++++ Data in this exercise ++++
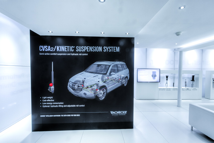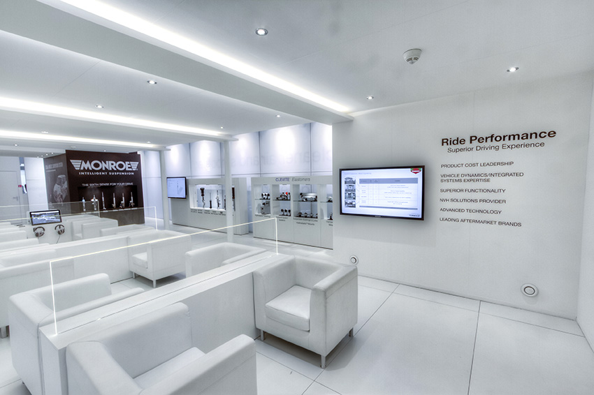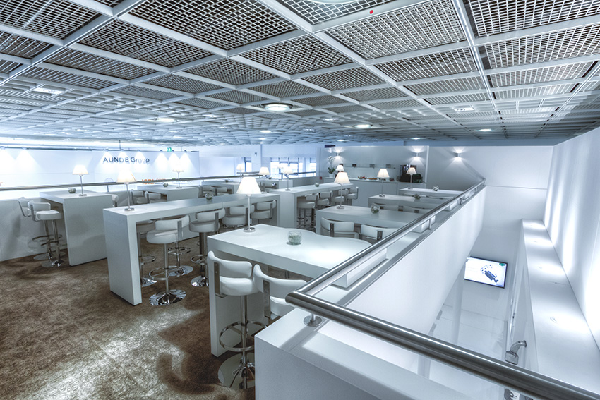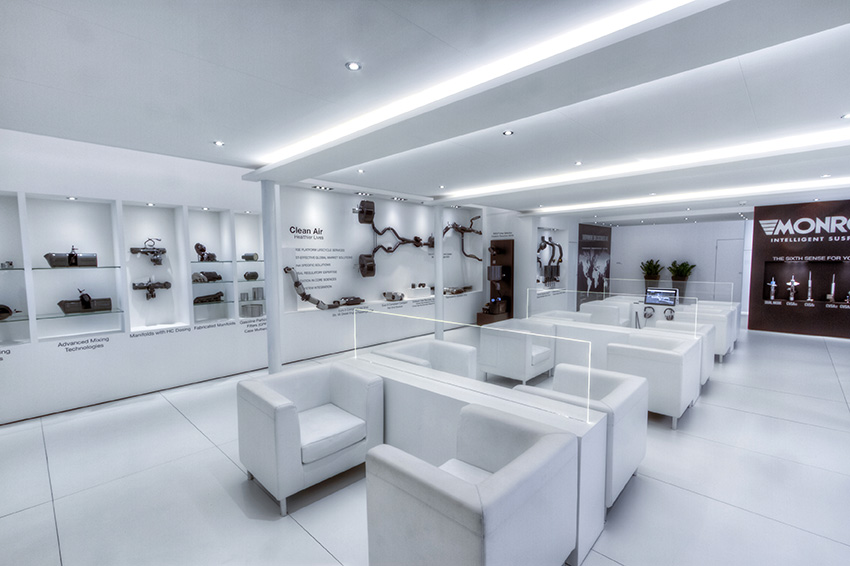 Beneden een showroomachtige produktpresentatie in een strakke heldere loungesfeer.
++++
++++ Data in this exercise ++++
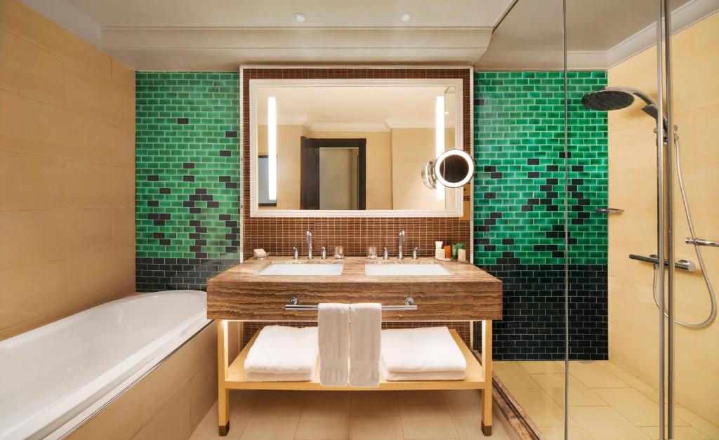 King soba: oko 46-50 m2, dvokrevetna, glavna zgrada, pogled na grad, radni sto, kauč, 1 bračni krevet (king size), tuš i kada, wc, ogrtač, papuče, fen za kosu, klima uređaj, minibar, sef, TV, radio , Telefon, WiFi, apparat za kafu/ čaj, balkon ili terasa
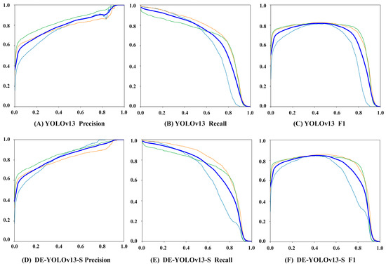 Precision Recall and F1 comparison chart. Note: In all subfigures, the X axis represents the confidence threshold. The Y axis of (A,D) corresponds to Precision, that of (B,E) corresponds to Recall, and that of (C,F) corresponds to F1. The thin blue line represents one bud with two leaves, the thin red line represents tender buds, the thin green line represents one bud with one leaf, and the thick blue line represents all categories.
++++
Directions:
Print exactly the lines above that run from the one with "King soba: oko" to the one with "Precision Recall and", both included. No pictures.

Final answer:
 King soba: oko 46-50 m2, dvokrevetna, glavna zgrada, pogled na grad, radni sto, kauč, 1 bračni krevet (king size), tuš i kada, wc, ogrtač, papuče, fen za kosu, klima uređaj, minibar, sef, TV, radio , Telefon, WiFi, apparat za kafu/ čaj, balkon ili terasa
 Precision Recall and F1 comparison chart. Note: In all subfigures, the X axis represents the confidence threshold. The Y axis of (A,D) corresponds to Precision, that of (B,E) corresponds to Recall, and that of (C,F) corresponds to F1. The thin blue line represents one bud with two leaves, the thin red line represents tender buds, the thin green line represents one bud with one leaf, and the thick blue line represents all categories.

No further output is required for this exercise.